HOUSTON — An organization of current and former space travelers is offering its expertise to NASA as the agency works towards a “quite aggressive” goal of landing people on the moon in five years.
Leaders of the Association of Space Explorers (ASE), a professional group comprised of about 400 people who have made at least one orbit of the Earth, said at a press conference at the beginning of their week-long 32nd Planetary Congress here Oct. 14 that their experience in spaceflight could be critical to the success of the Artemis program.
“We’ve been, in the last few years, trying to become better known as a resource for human spaceflight,” said Michael Lopez-Alegria, a former NASA astronaut and president of ASE. “It’s hard to argue against the vast majority of people that have flown in space.”
Lopez-Alegria called 2024 deadline for returning humans to the moon, set earlier this year by Vice President Mike Pence, as a “quite aggressive” timetable, but one that also serves a purpose. “In any complex program like that, somebody needs to draw a line in the sand,” he said. “It may be aspirational, but without something like that it’s difficult to get people pulling in the same direction.”
Other ASE representatives endorsed the international aspects of Artemis, building upon the experience of the International Space Station. “I’m very happy that, as I call it, the blueprint of the ISS is also working in this respect,” said Reinhold Ewald, a former German astronaut who leads ASE’s European chapter. “This is exactly how we envisage cooperation.”
International cooperation, he said, can provide a degree of redundancy. “To stand on many columns is better than to rely on one national technical column.”
One criticism of the international cooperation argument has been the lack of opportunities for non-NASA partners, at least in the program’s initial phases. While Ewald cited the European Space Agency’s development of the Orion service module, most of the rest of the initial infrastructure for landing humans on the moon, including the Space Launch System, first elements of the lunar Gateway and lunar landers, will be provided by NASA or American companies it contracts with.
Soichi Noguchi, a Japanese astronaut who leads ASE’s Asian chapter, didn’t see that as a problem. He noted “phase one” of the ISS was the Shuttle-Mir program, by NASA and Russia alone. “Initially it will start small, as a domestic project,” he said of Artemis. “But pretty soon they will want to expand.”
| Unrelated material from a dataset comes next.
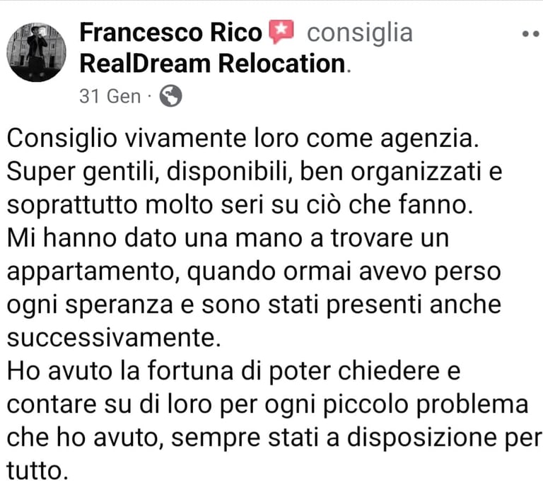 A seconda delle vostre esigenze, vi proporremo le soluzioni che abbiamo già disponibili, oppure Inizieremo il lavoro di ricerca della vostra soluzione abitativa in base ai parametri che ci avete fornito, con l'utilizzo di database immobiliari e contatti con agenzie locali ci impegniamo a trovare opzioni che soddisfino le vostre esigenze. Prepareremo un elenco di immobili, selezionati con dettagli come: prezzo di affitto, dimensioni, caratteristiche e zona di riferimento.

Noguchi is one of a number of ASE members who are still active astronauts, and he is training for an upcoming mission to the ISS. Because of that, he said he wasn’t in a position to formally endorse the Artemis program. However, he said that he and fellow active astronauts “are very excited to know that NASA is moving towards the moon by 2024.” He added that he expected the Japanese government to make a “huge decision pretty soon” on its role in the program.